The results of this study in Table 5 underscore the significant benefits of employing a dual-branch contrastive learning-based architecture, which utilizes both pre- and post-disaster imagery to perform detailed semantic analysis. The dual-branch prompt-based model, by leveraging high-level features extracted from pre-disaster data alongside post-disaster assessments, demonstrates superior performance in accurately classifying damage levels. This model not only outperforms the single-branch counterpart but also highlights the robustness of our contrastive learning approach in enhancing disaster damage evaluation. These findings suggest that incorporating comprehensive pre-event data into the model significantly improves its predictive accuracy and sets a new benchmark in disaster response strategies.

5.3. Misalignment Assessment

As mentioned in Section 4.2, this experiment investigates the influence of image misalignment on the performance of damage assessment models. The alignment adjustments applied to the post-disaster images were set at shifts of three pixels, ten pixels, and fifteen pixels to address misalignment issues. The results, as depicted in Table 6, revealed a direct correlation between alignment precision and model performance. A shift of three pixels yielded a positive improvement in model accuracy, while a 10-pixel shift resulted in the most significant performance boost. This enhancement indicates that a modest realignment can correct enough misalignment to positively affect model output. However, an overshoot to 15 pixels demonstrated a decline in performance, suggesting an overcompensation that reintroduced misalignment. This pattern indicates the model’s sensitivity to alignment nuances, underscoring the necessity for a balanced and precise alignment methodology to optimize damage evaluation in remote sensing imagery. These findings underscore the importance of image alignment, setting a direction for future work to focus on refining pre- and post-disaster image alignment techniques.

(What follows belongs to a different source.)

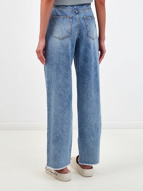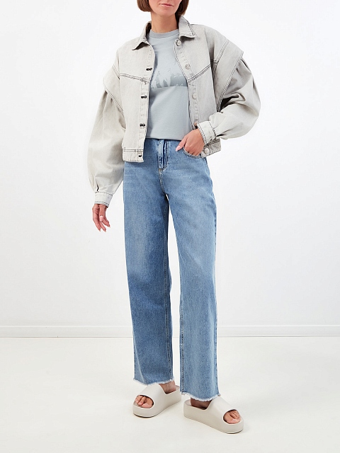 Джинсы из выбеленного денима с контрастной прострочкой и вышивкой

5.4. Discussion on the Ground Truth of the Dataset

In the ground truth of the dataset, each building polygon can belong to only one class, which means each building can only have one damage level. In our proposed models, the predictions are semantic segmentation maps, which are pixel-wise predictions, i.e., for a building, there might be different damage levels in the different parts of this building, which actually matches real-world scenarios better but does not necessarily have one single damage class label throughout the building polygon area, leading to discrepancy at the pixel level (and “errors”) between the segmentation map and the ground truth. To further examine the performance of our model on the polygon area level (instead of the pixel level), we implement a projection test to transfer the pixel-wise segmentation map to a polygon-wise map. We project the boundary of polygons from the corresponding ground truth to the prediction segmentation map. We assign each polygon to a class, which is the majority class of the pixels in the polygon. One example is shown in Figure 8. The left image is the prediction from our models. There are three classes in this building, including “no damage”, “minor damage”, and “major damage”. Because the “no damage” class, which is green, is the majority, the whole polygon is classified as “no damage” in the end. We use our best model, dual-branch prompt-based model, for this experiment. The result is shown in Table 7. In this table, we can see that the F1 scores for “no damage”, “major damage”, and “destroyed” classes are increased by at least 3.74%. The F1 score of “no damage” is improved to 0.9293 from 0.8839, which is impressive. However, the F1 score for “minor damage” slightly declined, a reflection of the inherent challenge in assessing buildings with minor yet significant enough damage. In many cases, the affected portions of a building classified as “minor damage” represent only a small fraction of the structure’s total area, which can be more accurately measured by pixel-level measures as shown before. However, the majority rule applied during the projection test may override these findings, resulting in a classification of “no damage” for buildings predominantly unaffected but with noticeable minor damage areas.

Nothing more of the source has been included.